++++ Source material

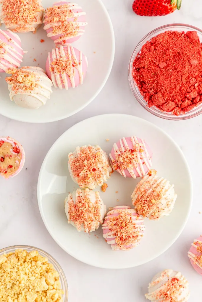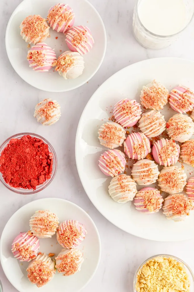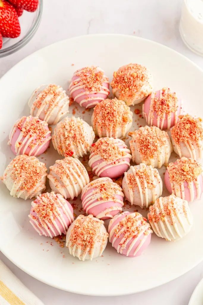 In the fridge: Store the Strawberry Crunch Cake Balls in an airtight container in the refrigerator for up to 5 days.
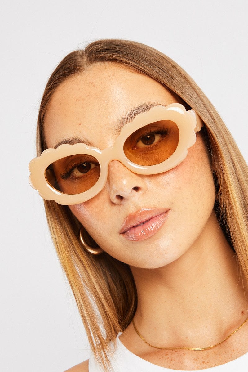 - Beige Scalloped Frame, Brown Tinted Lens
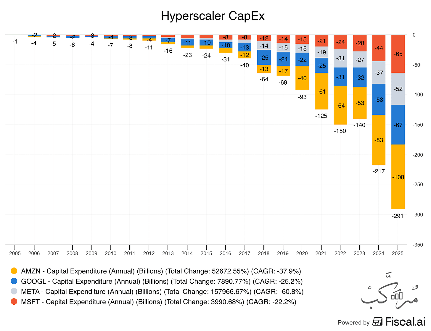الإنفاق الرأسمالي للشركات الأربع الكبرى (أمازون، مايكروسوفت، غوغل، ميتا) يتجاوز 300 مليار دولار سنويًا — وقود سباق الذكاء الاصطناعي العالمي.

++++++++

Leave the images out and output the remaining material exactly as it stands.

Solution to this exercise =
 In the fridge: Store the Strawberry Crunch Cake Balls in an airtight container in the refrigerator for up to 5 days.
 - Beige Scalloped Frame, Brown Tinted Lens
الإنفاق الرأسمالي للشركات الأربع الكبرى (أمازون، مايكروسوفت، غوغل، ميتا) يتجاوز 300 مليار دولار سنويًا — وقود سباق الذكاء الاصطناعي العالمي.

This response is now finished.